Aim of the task - Find the "德国EPK MiniTest 7200/7400" line in the records below and repeat it and every later line exactly, up to the last; do not include pictures.

Record set -
——————————

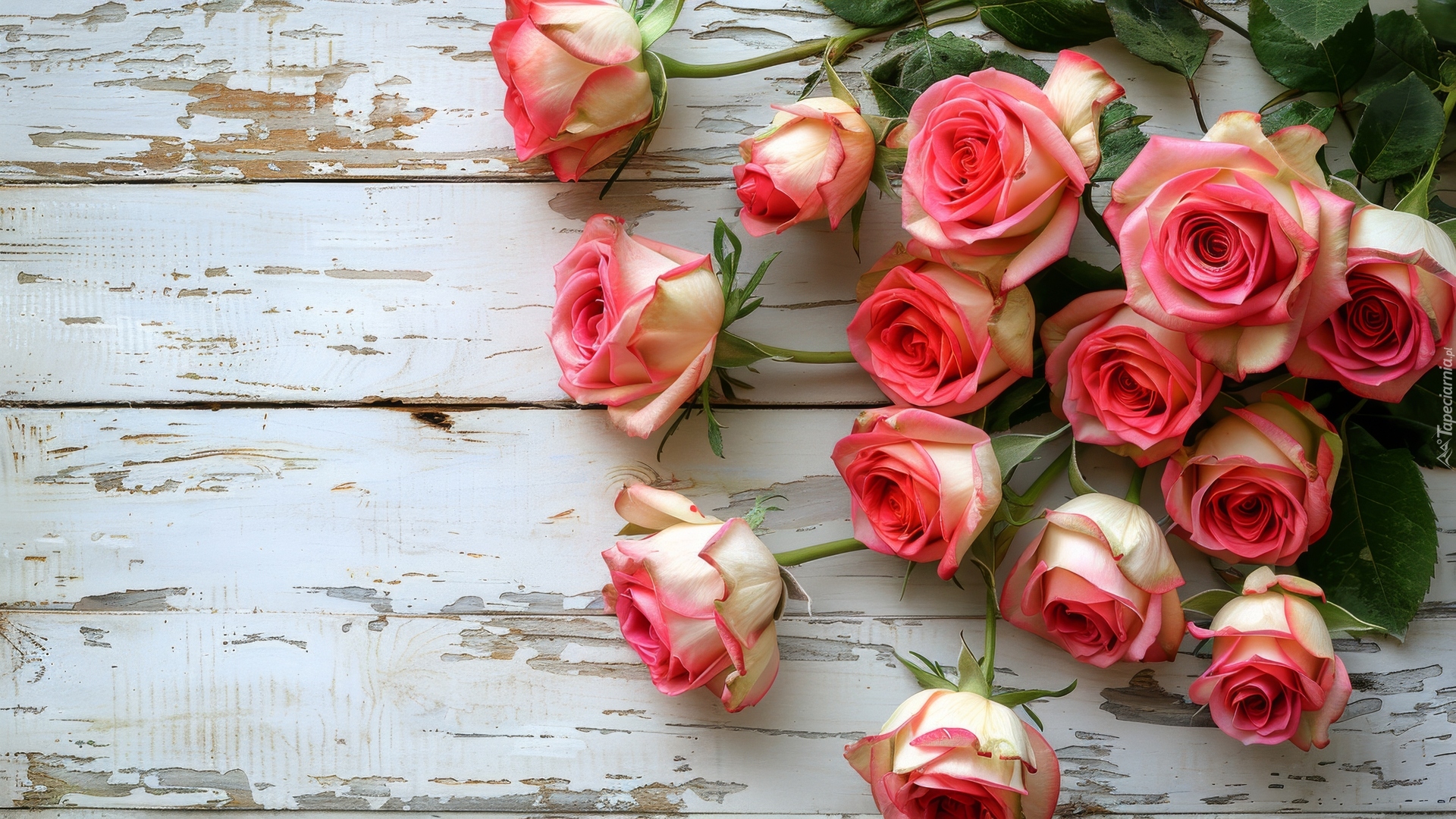 Edytor tapety: Bukiet dwukolorowych róż na białych deskach
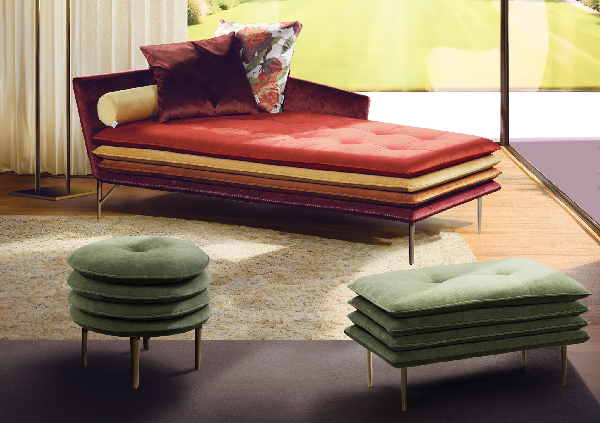 Model Mater Familias je takođe dostupan kao podnožje i nudi pravougaone i okrugle oblike, kao i verzije na klupi. U poređenju sa malom veličinom taburea, klupa je duža i plića verzija koja se može koristiti kao klupa u dnevnim prostorijama ili kao podloga za spavanje. Karakterišu ih tipična slojevita sedišta, ovi proizvodi su dizajnirani da stvore nove konfiguracije koje stvaraju prostor koji prevazilazi funkcionalne podele prostorija, pretvarajući ih u jedinstvenu dimenziju u kojoj se može živeti udobno iskustvo napravljeno od udobnog druženja.
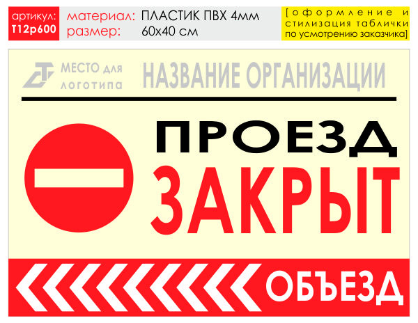 Баннер «Объезд слева», T12 (пластик 4 мм, 60х40 см) в Нижнекамске купить
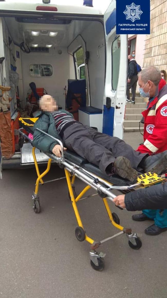 Інспектор патрульної поліції Володимир Петровський негайно почав надавати йому домедичну допомогу та викликав карету швидкої медичної допомоги. Тепер 84-річний рівнянин перебуває під опікою лікарів.
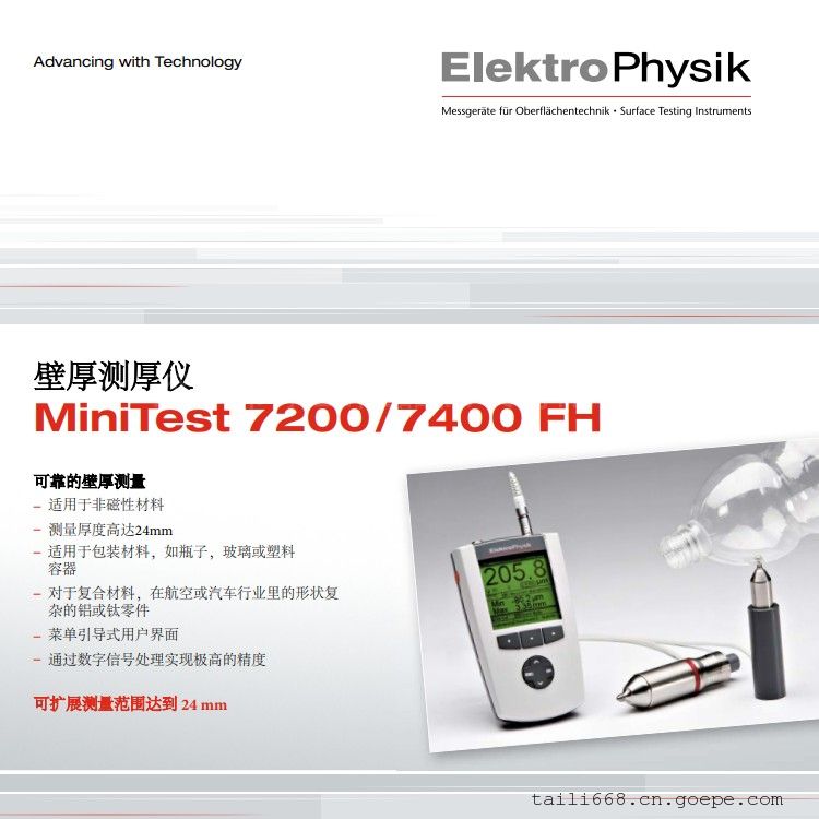 德国EPK MiniTest 7200/7400 FH壁厚测厚仪又名霍尔效应测厚仪是便携式的厚度测量工具,可准确测量厚达24 mm的材料。便携而小巧的外形使其可在生产现场和实验室进行操作。两个型号可以再各种非磁性材料上 进行简单、无损和高精度的厚度测量,无论它们的大小、形状和材质如何。它们是精确测量尖角、小半径和复杂形状工件所需的理想工具。
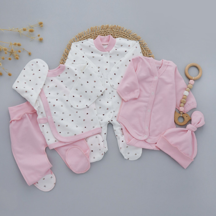 Комплект 5в1 Сердечка Рожевий Вузлик (Футер - з начосом) 56 (0-3міс)

——————————

Expected answer -
 德国EPK MiniTest 7200/7400 FH壁厚测厚仪又名霍尔效应测厚仪是便携式的厚度测量工具,可准确测量厚达24 mm的材料。便携而小巧的外形使其可在生产现场和实验室进行操作。两个型号可以再各种非磁性材料上 进行简单、无损和高精度的厚度测量,无论它们的大小、形状和材质如何。它们是精确测量尖角、小半径和复杂形状工件所需的理想工具。
 Комплект 5в1 Сердечка Рожевий Вузлик (Футер - з начосом) 56 (0-3міс)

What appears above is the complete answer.